Hego-CCTB commented 1 year ago

alright, took me a while to figure out how this works, but here's the new version: https://github.com/kfuku52/amalgkit/commit/0fe5bb77ae764ced3724428bb94a900a307b2261

At first I wanted to use pkg_resources as in csubst, but upon further investigation it is apparently better to use importlib.resources to retrieve files from within the package, since pkg_resources is deprecated now.

Anyways, how amalgkit config works now is the following: --overwrite terminates the process if the target directory is already there and set to no. --config_dir this is the name of the config directory to be created. i.e. the destination (defaults to the name of --config) --config this is the name of the config directory stored in the amalgkit package. i.e. the source currently there are four options: 'test', 'plantae', 'vertebrate' and 'base'. 'base' is the nearly empty dataset, where I left just the header and 1-3 lines as an example within each of the config files. --out_dir working directory

Example:

amalgkit config --config base --config_dir my_config --out_dir  ./

will create ./config/my_config/ and copy all .config files from 'base' in there.

amalgkit config --config vertebrate --out_dir  ./

will create ./config/vertebrate/ and copy all .config files from vertebrate in there.

amalgkit config

will create ./config/base and copy all .config files from 'base' in there.

Note: I had to make a copy of the config folder inside amalgkit and give it a different name for this to work. The config folder is now redundant, so we can delete it.

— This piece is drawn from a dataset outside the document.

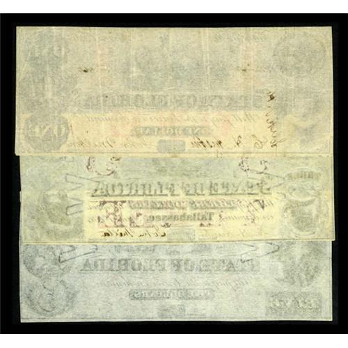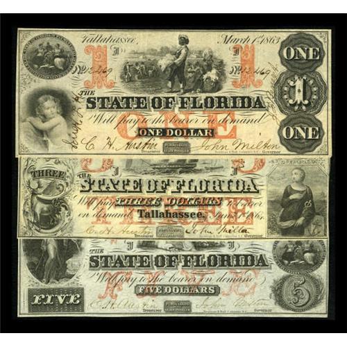<B>Tallahassee, FL- A Trio of State Issues</B></I><BR> $1 Mar. 1, 1863 Cr. 19 <B>Very Fine,</B></I><BR>$3 Jan. 1, 1864 Cr. 37 <B>Extremely Fine-About Uncirculated, </B></I>Watermarked,<BR>and a $5 Mar. 1, 1864 Cr. 35 <B>Very Fine, </B></I>Watermarked.<BR>Each piece is original and attractive with solid red overprints. <BR><BR><b>Shipping:</b> Coins & Currency (<a target="_blank" href="http://www.heritageauctions.com/common/shipping.php">view shipping information</a>)

kfuku52 commented 1 year ago

Did your test go well with a fresh install with pip? I got an error:

(base) wbo1129:~ kef74yk$ amalgkit --version
amalgkit version 0.6.7.2
(base) wbo1129:~ kef74yk$ amalgkit config --config base --config_dir my_config --out_dir  ./
amalgkit config: start
Checking config directory ...
Traceback (most recent call last):
  File "/Users/kef74yk/opt/miniconda3/bin/amalgkit", line 404, in <module>
    args.handler(args)
  File "/Users/kef74yk/opt/miniconda3/bin/amalgkit", line 105, in command_config
    config_main(args)
  File "/Users/kef74yk/opt/miniconda3/lib/python3.9/site-packages/amalgkit/config.py", line 85, in config_main
    create_config_from_package(args)
  File "/Users/kef74yk/opt/miniconda3/lib/python3.9/site-packages/amalgkit/config.py", line 70, in create_config_from_package
    config_files = ir.files(config_base).rglob('*.config')
  File "/Users/kef74yk/opt/miniconda3/lib/python3.9/importlib/resources.py", line 147, in files
    return _common.from_package(_get_package(package))
  File "/Users/kef74yk/opt/miniconda3/lib/python3.9/importlib/resources.py", line 49, in _get_package
    module = _resolve(package)
  File "/Users/kef74yk/opt/miniconda3/lib/python3.9/importlib/resources.py", line 40, in _resolve
    return import_module(name)
  File "/Users/kef74yk/opt/miniconda3/lib/python3.9/importlib/__init__.py", line 127, in import_module
    return _bootstrap._gcd_import(name[level:], package, level)
  File "<frozen importlib._bootstrap>", line 1030, in _gcd_import
  File "<frozen importlib._bootstrap>", line 1007, in _find_and_load
  File "<frozen importlib._bootstrap>", line 972, in _find_and_load_unlocked
  File "<frozen importlib._bootstrap>", line 228, in _call_with_frames_removed
  File "<frozen importlib._bootstrap>", line 1030, in _gcd_import
  File "<frozen importlib._bootstrap>", line 1007, in _find_and_load
  File "<frozen importlib._bootstrap>", line 984, in _find_and_load_unlocked
ModuleNotFoundError: No module named 'config_dir'
Hego-CCTB commented 1 year ago

I pushed another update, which should fix this issue. Can you try it out on your end? https://github.com/kfuku52/amalgkit/commit/eb22ce5cc382472079b45cbfa8669063c869a2b6

kfuku52 commented 1 year ago

The latest version worked well. Thank you!

Hego-CCTB commented 1 year ago

Great! I will close this for now, then.